"""
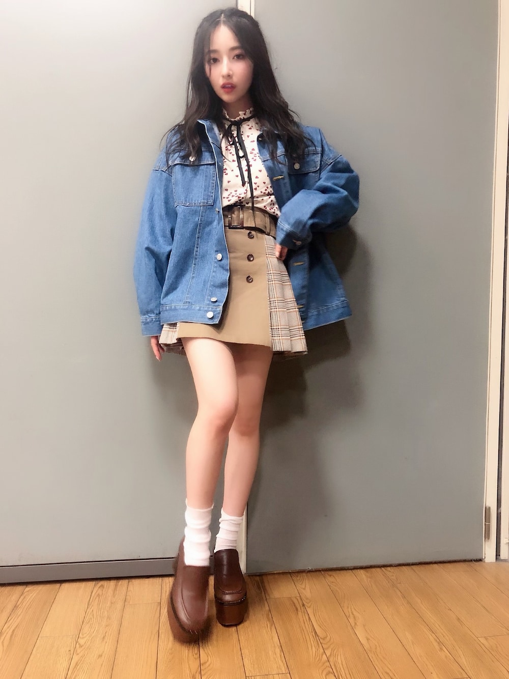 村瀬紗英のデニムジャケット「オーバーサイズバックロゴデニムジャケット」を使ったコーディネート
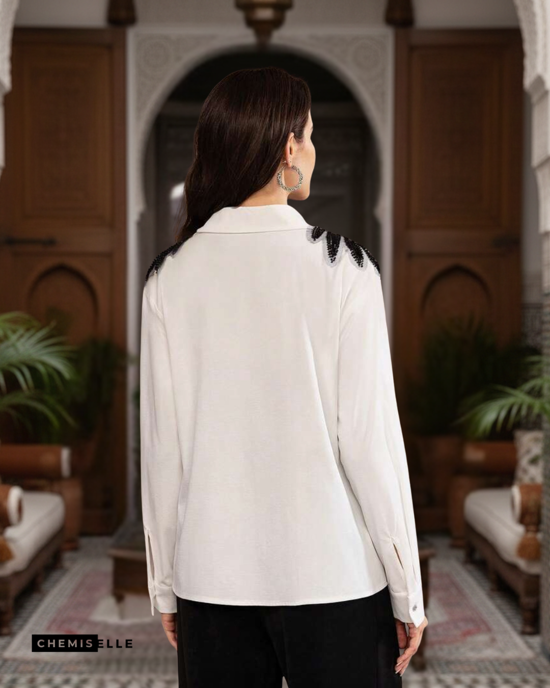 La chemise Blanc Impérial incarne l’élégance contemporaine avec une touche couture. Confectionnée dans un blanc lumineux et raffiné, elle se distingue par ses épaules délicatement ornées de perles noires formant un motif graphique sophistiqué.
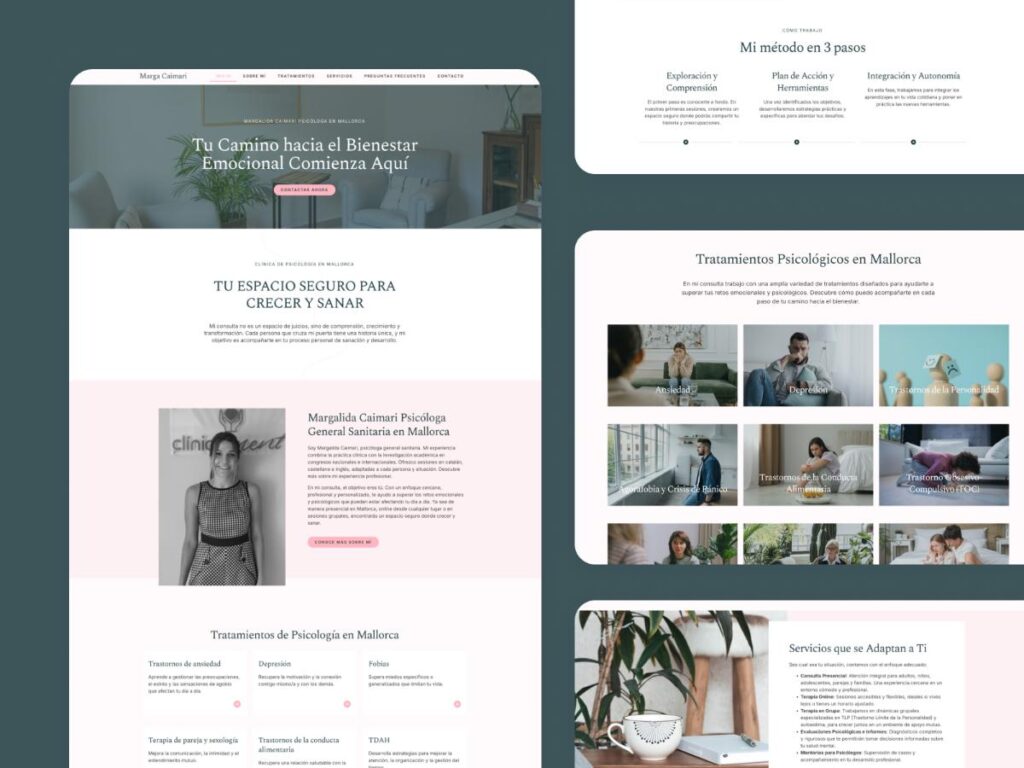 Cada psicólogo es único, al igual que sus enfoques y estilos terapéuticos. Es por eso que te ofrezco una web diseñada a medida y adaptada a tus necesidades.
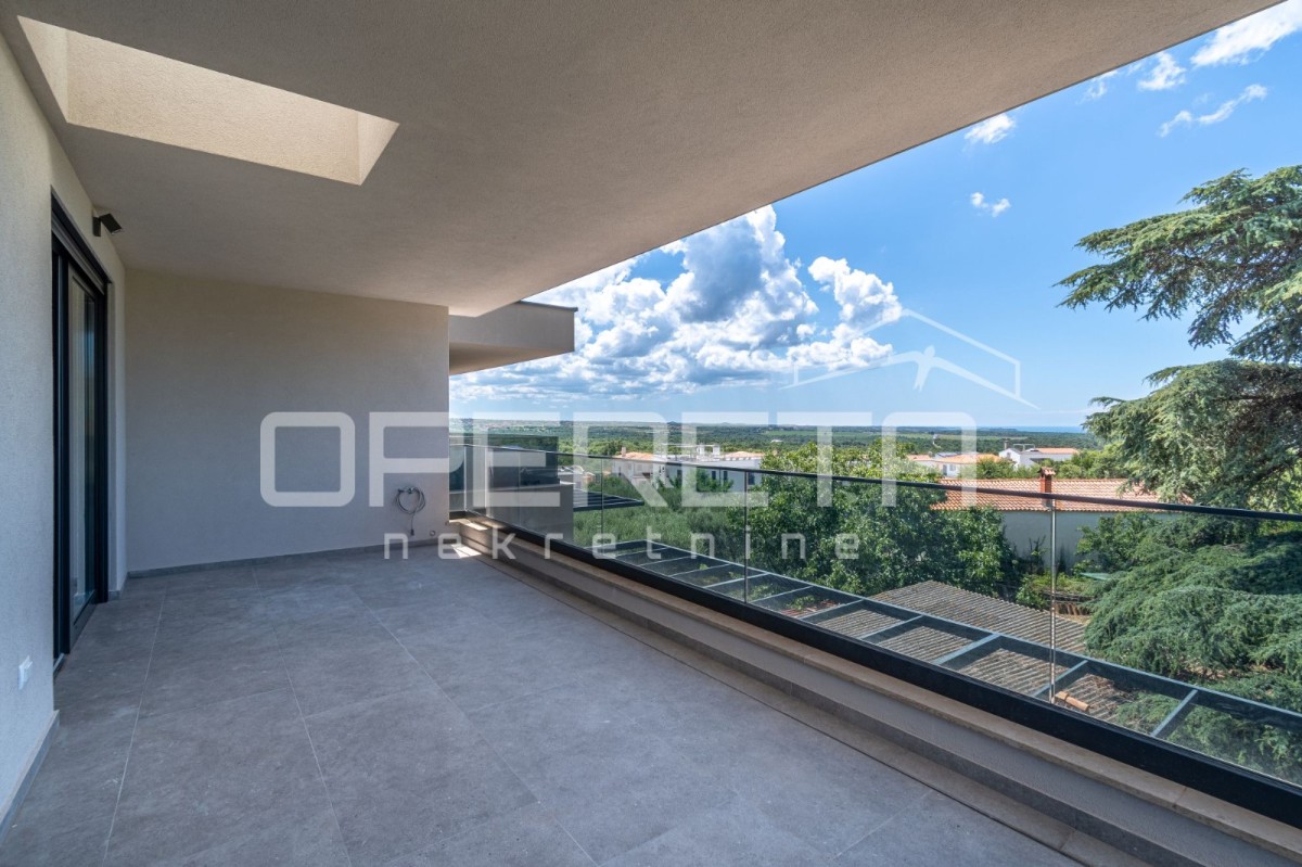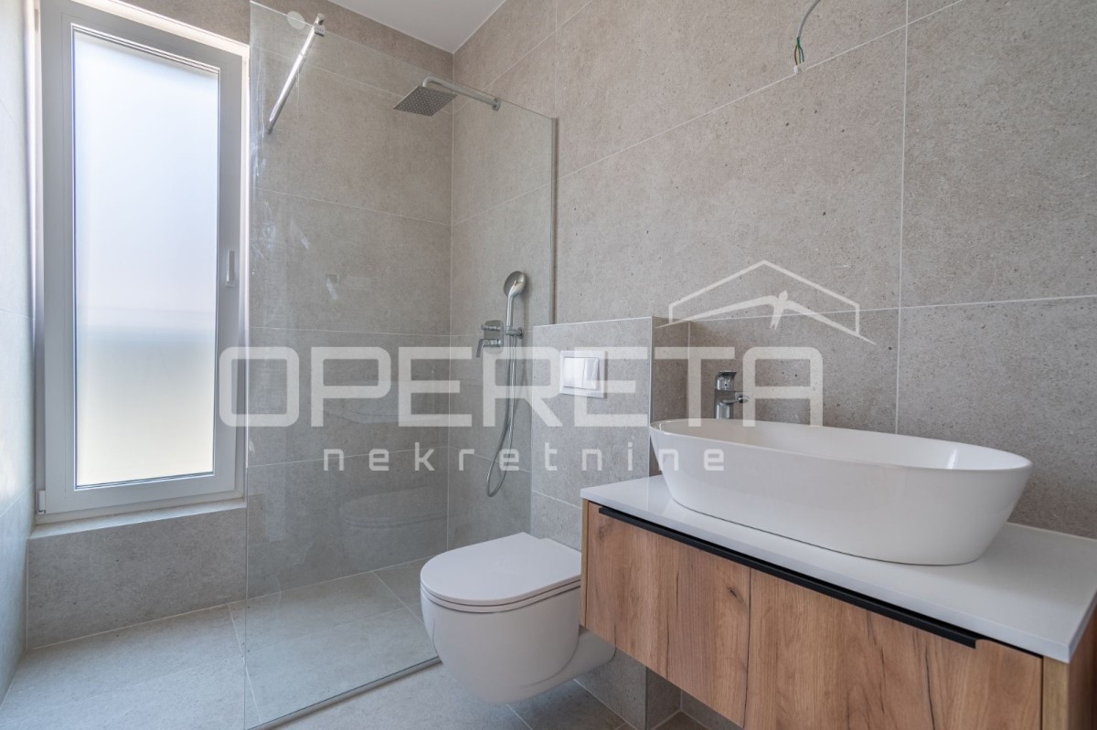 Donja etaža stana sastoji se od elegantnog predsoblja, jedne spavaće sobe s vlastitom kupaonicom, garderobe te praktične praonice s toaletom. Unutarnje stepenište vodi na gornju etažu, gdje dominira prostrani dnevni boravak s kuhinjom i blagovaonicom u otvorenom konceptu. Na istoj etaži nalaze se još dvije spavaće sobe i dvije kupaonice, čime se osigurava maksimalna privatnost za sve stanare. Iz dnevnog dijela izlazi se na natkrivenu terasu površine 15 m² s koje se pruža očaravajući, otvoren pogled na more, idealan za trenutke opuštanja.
"""
Extract the full listing above verbatim; pictures are to be left out of the copy.

 村瀬紗英のデニムジャケット「オーバーサイズバックロゴデニムジャケット」を使ったコーディネート
 La chemise Blanc Impérial incarne l’élégance contemporaine avec une touche couture. Confectionnée dans un blanc lumineux et raffiné, elle se distingue par ses épaules délicatement ornées de perles noires formant un motif graphique sophistiqué.
 Cada psicólogo es único, al igual que sus enfoques y estilos terapéuticos. Es por eso que te ofrezco una web diseñada a medida y adaptada a tus necesidades.
 Donja etaža stana sastoji se od elegantnog predsoblja, jedne spavaće sobe s vlastitom kupaonicom, garderobe te praktične praonice s toaletom. Unutarnje stepenište vodi na gornju etažu, gdje dominira prostrani dnevni boravak s kuhinjom i blagovaonicom u otvorenom konceptu. Na istoj etaži nalaze se još dvije spavaće sobe i dvije kupaonice, čime se osigurava maksimalna privatnost za sve stanare. Iz dnevnog dijela izlazi se na natkrivenu terasu površine 15 m² s koje se pruža očaravajući, otvoren pogled na more, idealan za trenutke opuštanja.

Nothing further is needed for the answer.